A variety of different elements weaken your email privacy and while some are widely known - such as email viruses - others tend to be ignored. Emails carrying confidential information can not only create immense inconvenience and expense for a person but remain on an ISP's server or in a backup, and be easily retrieved by anyone who knows how to do so. The same goes for spammers who use the email systems to send thousands of unsolicited email messages. And what about the vast damage and time-loss caused by email viruses, which seem are making ever more frequent appearances these days?

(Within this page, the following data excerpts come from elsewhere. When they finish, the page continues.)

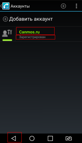 Если мы проделали все шаги, как написано в инструкции выше, верно - то надпись Canmos.ru поменяет свой цвет с красного на зелёный. А статус под надписью Canmos.ru - «Ошибка при регистрации» сменится на статус «Зарегистрирован». Смотрим ниже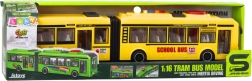 Realističen zglobni šolski avtobus v merilu 1:16 bo navdušil male ljubitelje mestnega prometa. Ponuja svetlobne in zvočne učinke, odpirajoča se vrata ter upravljanje zasuka koles z vrtljivim gumbom na strehi. Dovršena izdelava, rumena šolska podoba in trpežni materiali zagotavljajo zabavno in razvijajočo igro, polno domišljije.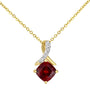 SPARKLD 9ct Yellow Gold Cushion Garnet Crossover 0.03ct Diamond Pendant Necklace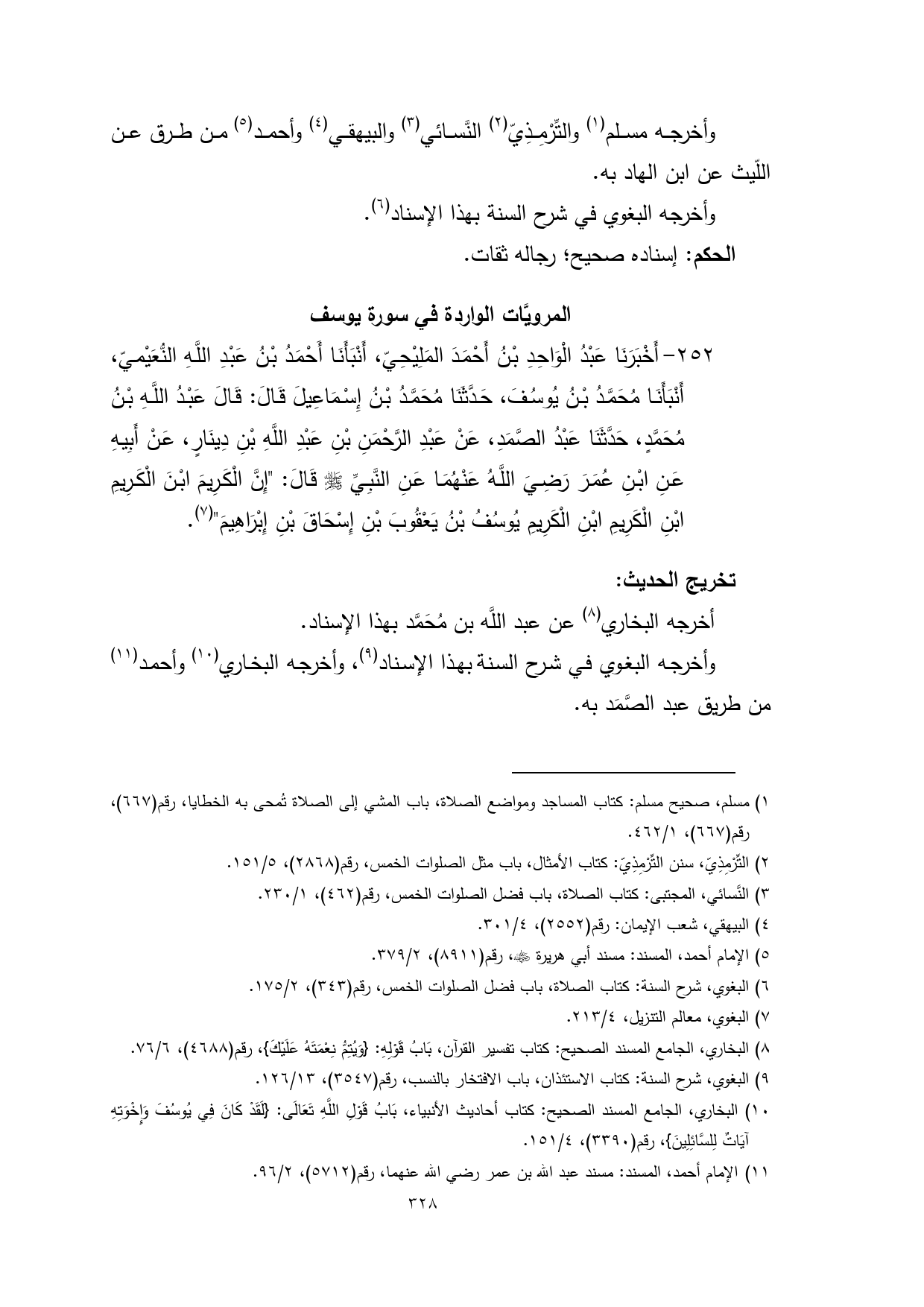 (¬10) البخاري، الجامع المسند الصحيح: كتاب أحاديث الأنبياء، بَابُ قَوْلِ اللَّهِ تَعَالَى: {لَقَدْ كَانَ فِي يُوسُفَ وَإِخْوَتِهِ آيَاتٌ لِلسَّائِلِينَ}، رقم (3390)، 4/ 151.
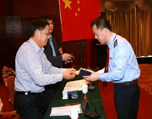 图为 省局政策法规处处长徐怀庚向5名同志颁发第二批公职律师证书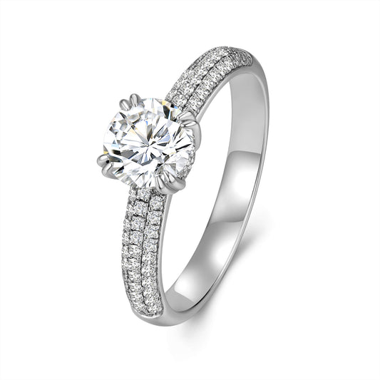 Solitaire Round Lab Diamond Ring with Pave Band in 18K White Gold 6 Prong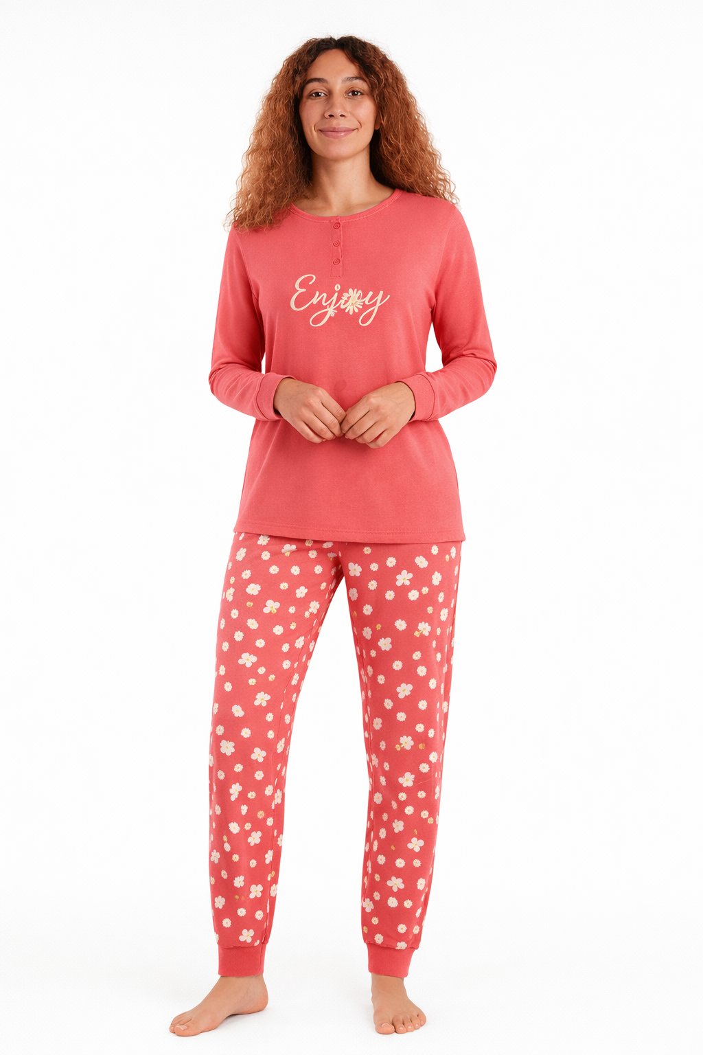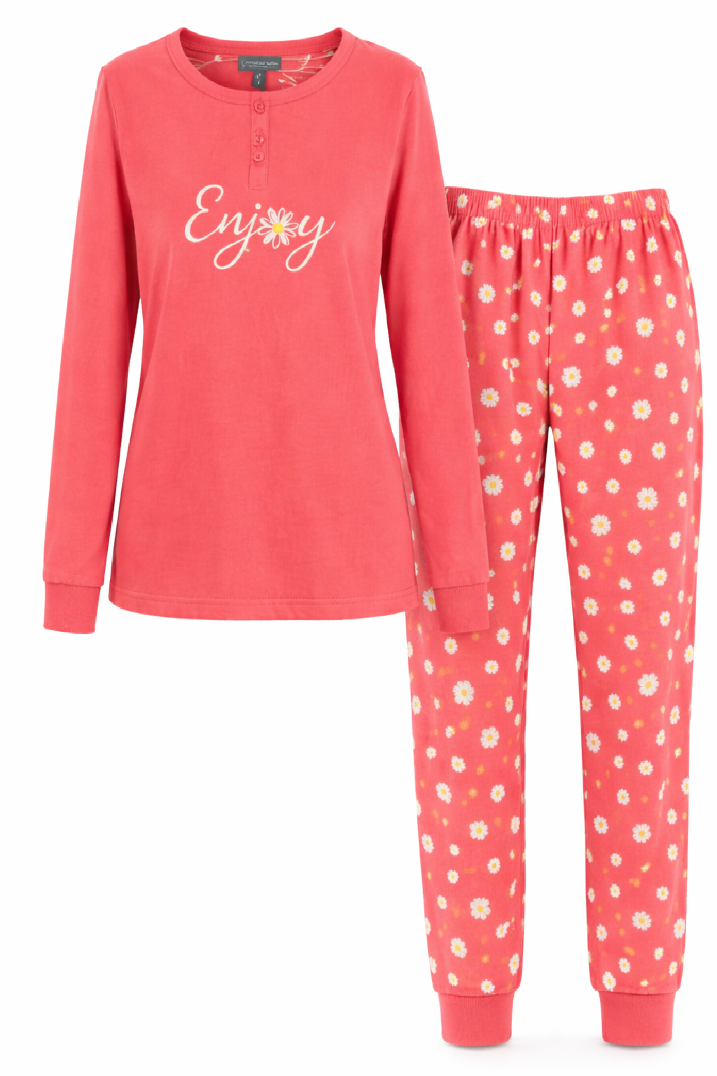 Leuke pyjama van Cocodream. De set is uitgevoerd in een frisse koraalrode kleur en combineert stijl met hoog draagcomfort. Lees meer

Email-related threats to your security

The threat of information leaks

Most electronic mail is notoriously UNPRIVATE. E-mail is less secure, and in many ways more dangerous, than sending your personal or business messages on a postcard. Internet e-mail is child's play for some people to intercept. Your typical e-mail message travels through many computers. At each computer, people can access your personal and business correspondence. It's a safe bet that administrators (not to mention hackers) on Bulletin Board Systems, college campus systems, commercial information services, and Internet hook-up providers can read your e-mail. Of course most snoops will deny they're reading your e-mail because they want to continue doing.
Many Internet providers and network administrators "archive" (store) your incoming and outgoing mail on a computer disk for six months or more AFTER you think that you've deleted your mail. If someone sues you (for example, in a divorce), he or she may be able to subpoena and READ your previous correspondence (Whether you consider his actions right or wrong, Oliver North provides a good example of how old messages may come back to haunt you. His erased messages were recovered some six months later and used against him in legal proceedings.) Of course, unauthorized snoops might choose to read your archive for their own reasons. This may be just an administrator of your ISP or your office intranet, with no malice intended. Or it might be a competitor, legal foe, or government agency, with much more serious intentions. Information is power. Snoops want power.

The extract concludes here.